From a feature and instruction set standpoint, the Ryzen 5 240 and Ryzen 7 260 share an identical foundation. Both support the same extension set — including AVX2, AES, FMA3, and SSE 4.2 — which covers the full range of modern workload acceleration needs. AVX2 enables wide vectorized math operations critical for scientific computing, video encoding, and machine learning inference; AES hardware acceleration underpins fast encrypted storage and secure communications; and FMA3 boosts floating-point throughput in signal processing and graphics pipelines.

Both processors also support multithreading and carry the NX bit, the latter being a baseline security feature that prevents execution of code in memory regions designated as data — relevant for OS-level exploit protection. These are table-stakes capabilities for any modern processor, and their presence here confirms both chips are fully equipped for contemporary software environments.

With no differences whatsoever across instruction sets, multithreading support, or security features, this group is an unambiguous tie. Software compatibility and low-level feature access will be identical on both chips, meaning this dimension offers no basis for choosing one over the other.
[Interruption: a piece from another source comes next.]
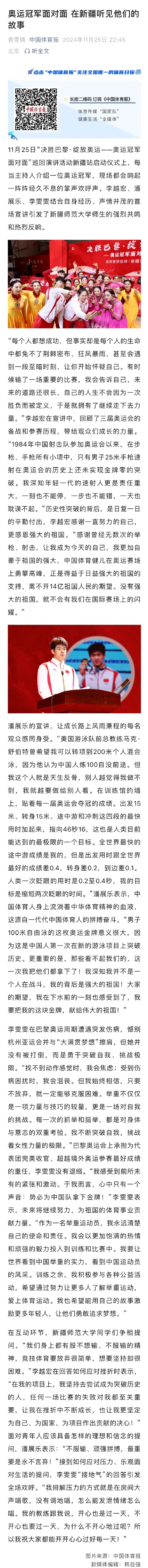 潘展乐的宣讲,让成长路上风雨兼程的每名观众感同身受。“美国游泳队前总教练马克·舒伯特曾希望我可以转项到200米个人混合泳,因为他认为中国人练100自没前途。但我这个人就是天生反骨,别人越觉得我做不到,我就越要做给别人看。在训练馆的墙上,贴着每一届奥运会夺冠的成绩。出发15米、转身15米、途中游和冲刺这四段的最快用时加起来,指向46秒16,这也是人类目前能达到的最极限的一个目标。全世界最快的途中游成绩是我的,但是出发用时跟全世界最好的成绩差0.4,转身差0.2,到边差0.1。人类一次眨眼的用时是0.2至0.4秒,我的目标是缩短两次眨眼的时间。”潘展乐表示,中国体育人身上流淌着中华体育精神的血液,这源自一代代中国体育人的拼搏奋斗。“男子100米自由泳的这枚奥运金牌意义很大,因为这是中国人第一次在新的游泳项目上突破历史。更重要的是,那些看不起我们的,这一次我把他们都拿下了!我深知我并不是一个人在战斗,我的背后是强大的祖国!大家的期望,我在下水前的一刻也感受到了,我要把我的这块金牌,献给伟大的祖国!”
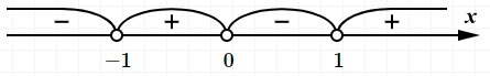 Наносим найденные точки на числовую ось и вычисляем знаки на каждом интервале

Comparison Summary & Verdict

Having reviewed all available specifications, the strengths of each processor become clear. The AMD Ryzen 7 260 pulls ahead in multi-threaded scenarios, with 8 cores, 16 threads, and a PassMark multi-core score of 29,915 compared to 22,576 on the Ryzen 5 240. Its Radeon 780M integrated GPU also offers a notable advantage, featuring 768 shading units, 48 TMUs, and 32 ROPs versus the Radeon 760M’s 512 units, 32 TMUs, and 16 ROPs. The AMD Ryzen 5 240, on the other hand, counters with a higher base clock of 4.3 GHz across its 6 cores and a greater L3 cache per core at 2.67 MB, which can benefit lightly threaded applications. Both chips share a 45W thermal envelope, DDR5 support, and identical maximum memory capacity, keeping platform costs equal. Choose the Ryzen 7 260 for heavier workloads and better graphics; opt for the Ryzen 5 240 when higher per-core clock speed is the priority.

AMD Ryzen 5 240
Buy AMD Ryzen 5 240 if...

Choose the AMD Ryzen 5 240 if your workloads are lightly threaded and you benefit most from a higher base clock speed of 4.3 GHz per core.

AMD Ryzen 7 260
Buy AMD Ryzen 7 260 if...

Choose the AMD Ryzen 7 260 if you need stronger multi-threaded performance, a higher overall benchmark score, and a more capable Radeon 780M integrated GPU.